It would probably be more proper to define this as an inductive proof, but I'm just going to describe how you'd build it up an edge at a time.

Say your graph has $n$ nodes. Start out with $n$ identical 2-sided dice. Each having 0 on both sides will work fine.

Pick an arbitrary edge in the graph, specifying that $D_a$ should beat $D_b$. All the dice currently have $k$ sides, and satisfy the requirements for previously added edges, and unconnected dice are even. Find $m$, the maximum of all the faces on the dice. To $D_a$, add two faces with $m+3$. To $D_b$, add two faces of $m+2$. To all other dice, add two faces, one of $m+1$ and one of $m+4$. Repeat this procedure for all edges in the graph, winding up with $2e+2$-sided dice.

Now I need to show that this works. Let $p(x,y)$ be the probability that $D_x$ beats $D_y$ before one of these edge iterations, and let $p'(x,y)$ be the probability that $D'_x$ beats $D'_y$ after one of these edge iterations.

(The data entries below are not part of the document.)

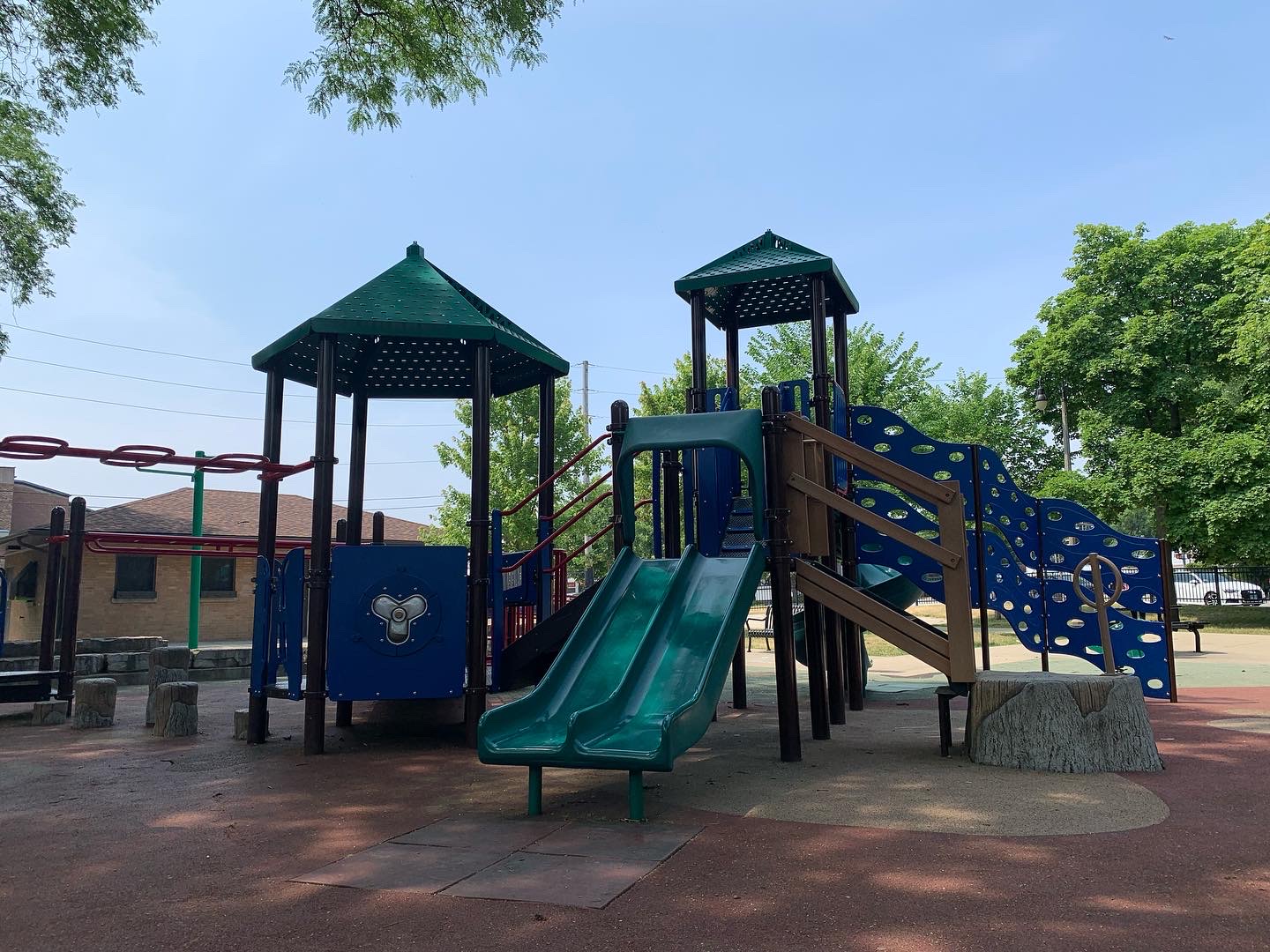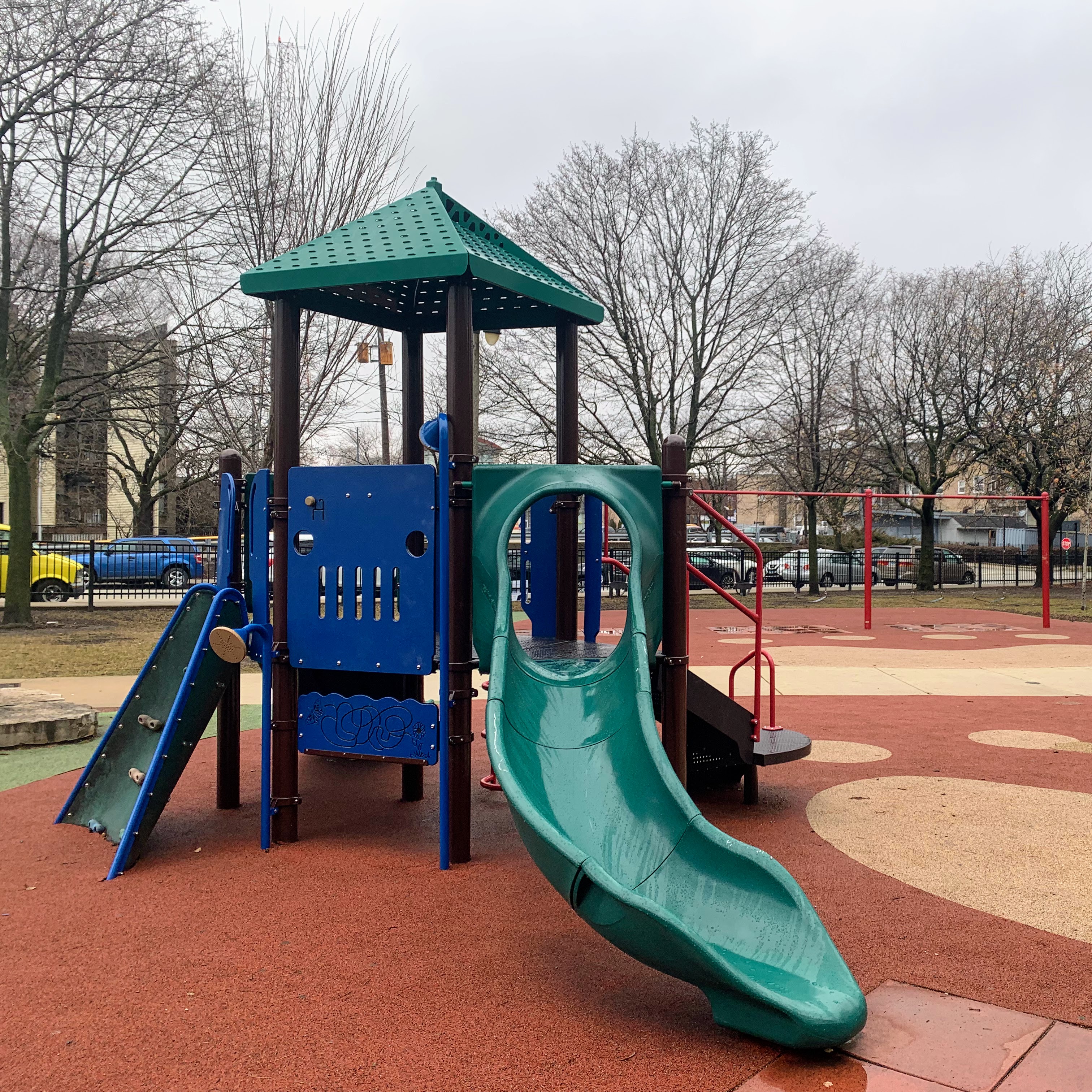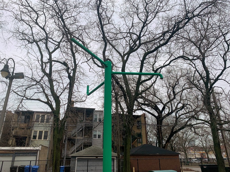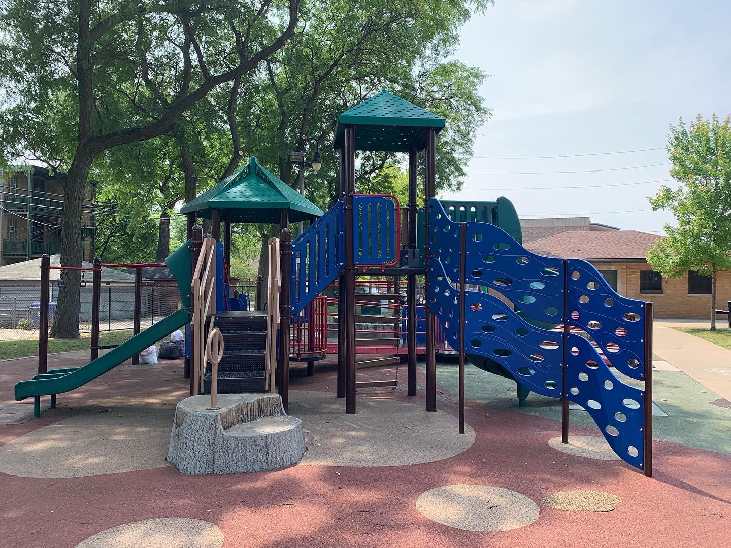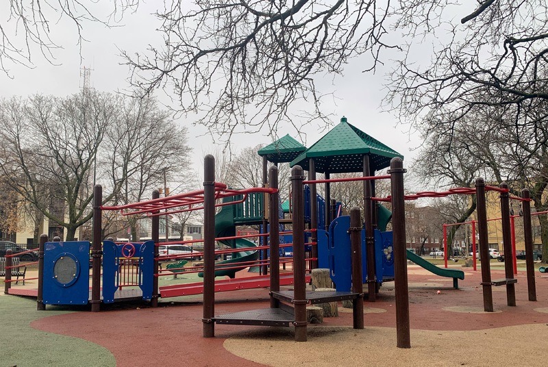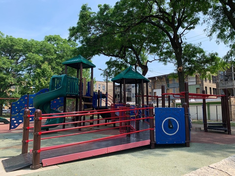 Schreiber Park is a small neighborhood park with a fieldhouse, water spray feature, and playground. The playground features a large and accessible structure for older children and a smaller structure for younger children. There are a few standalone elements and the standard Chicago Park selection of swings (toddler, adaptive, and belt seat). The water spray feature is a triple shower sprayer.
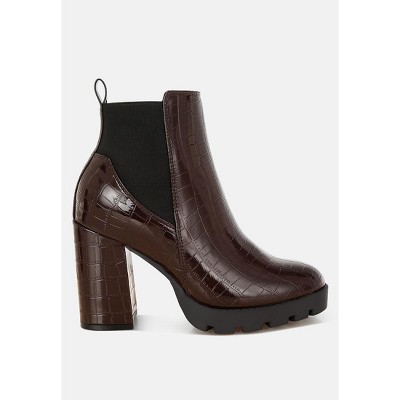 Journee Collection Women's Heddy Back Heel Zip Stacked Heel Booties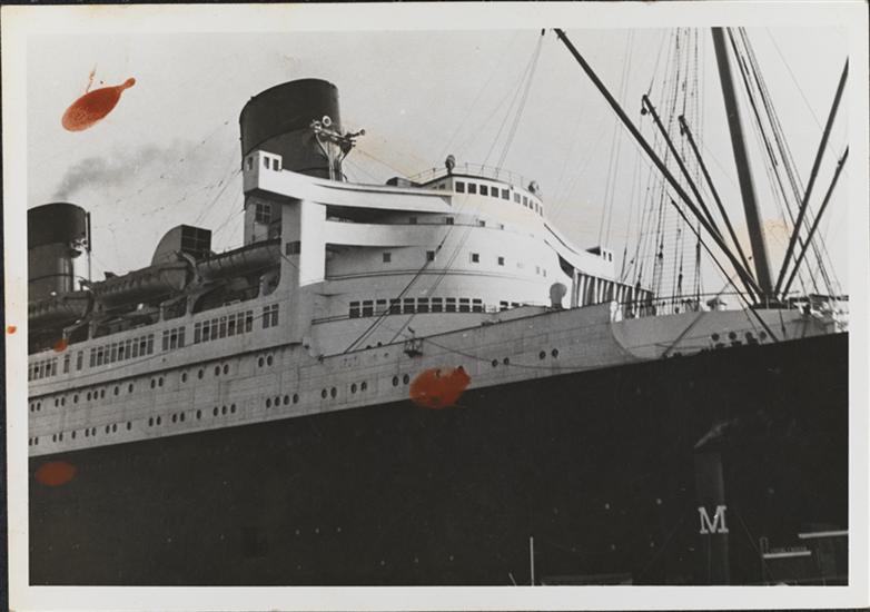 [Moran tugboat guiding RMS Aquitania to dock.]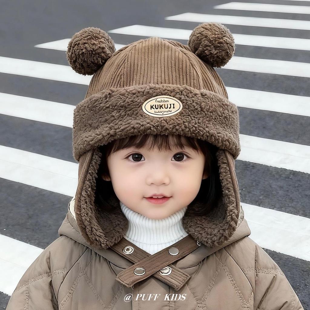 Children's Winter Hat with Fleece Lining, Windproof Corduroy Design, and Lambswool Ear Protection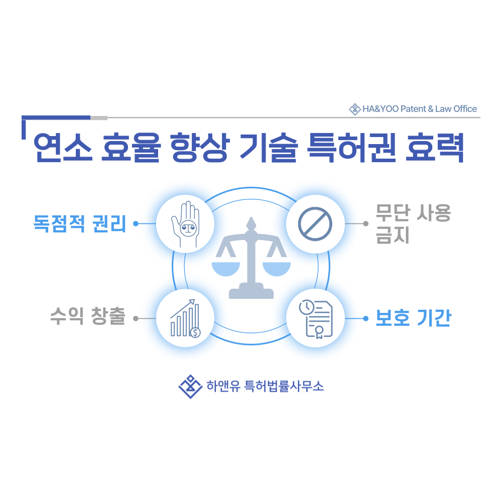 특허권은 단순한 권리 보호를 넘어 경제적 자산으로 활용됩니다. 권리자는 기술을 직접 적용해 제품을 개발·판매할 수도 있고, 다른 기업에 라이선스를 허여해 로열티를 받을 수도 있습니다. 연소 효율 향상 기술은 발전소, 자동차, 보일러 등 다양한 산업에 적용 가능성이 크기 때문에, 특허권을 통해 안정적이고 장기적인 수익 창출이 가능합니다.

First look at $D'_a$ and $D'_b$. $D'_a$ has a $\frac2{k=2}$ chance of rolling $m+3$ and winning over any $D'_b$ roll. $D'_a$ can also win half the time when both dice roll numbers appearing on their old versions, which occurs with probability $\frac{k^2}{(k+2)^2}$. $$\begin{align} p'(a,b) & = \frac{k^2}{(k+2)^2} p(a,b) + \frac{2}{k+2} \\ & = \frac{k^2}{2(k+2)^2} + \frac{2}{k+2} \\ & = \frac{k^2 + 4k + 8}{2(k+2)^2} \\ & = \frac{(k+2)^2 + 4}{2(k+2)^2} \\ & = \frac12 + \frac{2}{(k+2)^2} \text{ so $D'_a$ beats $D'_b$.} \end{align}$$

Now look at $D'_a$ and some other $D'(x)$ where $x$ is not $a$ or $b$. There are six cases. Two cases where $D'_a$ rolls either an old number or $m+3$. Three cases where $D_x$ rolls either an old value, $m+1$, or $m+4$. $$\begin{align} p'(a,x) & = \frac{k}{k+2}\left[\frac{k}{k+2}p(a,x)\right] + \frac2{k+2}\left[\frac{k}{k+2} + \frac{1}{k+2}\right] \\ & = \frac{k^2}{(k+2)^2}p(a,x) + \frac{2k+2}{(k+2)^2} \\ & \text{Define $\epsilon$ so that $p(a,x) = \frac12 + \epsilon$} \\ & = \frac{k^2 + 2k^2\epsilon}{2(k+2)^2} + \frac{2k+2}{(k+2)^2} \\ & = \frac{k^2 + 4k + 4 + 2k^2\epsilon}{2(k=2)^2}\\ & = \frac12 + \frac{2k^2}{2(k+2)^2}\epsilon\\ \end{align}$$

Now we know that the sign of $p(a,x) - \frac12$ is the same as the sign of $p'(a,x) - \frac12$, so any previous dominance relationship between $D'_a$ and $D'_x$ is preserved.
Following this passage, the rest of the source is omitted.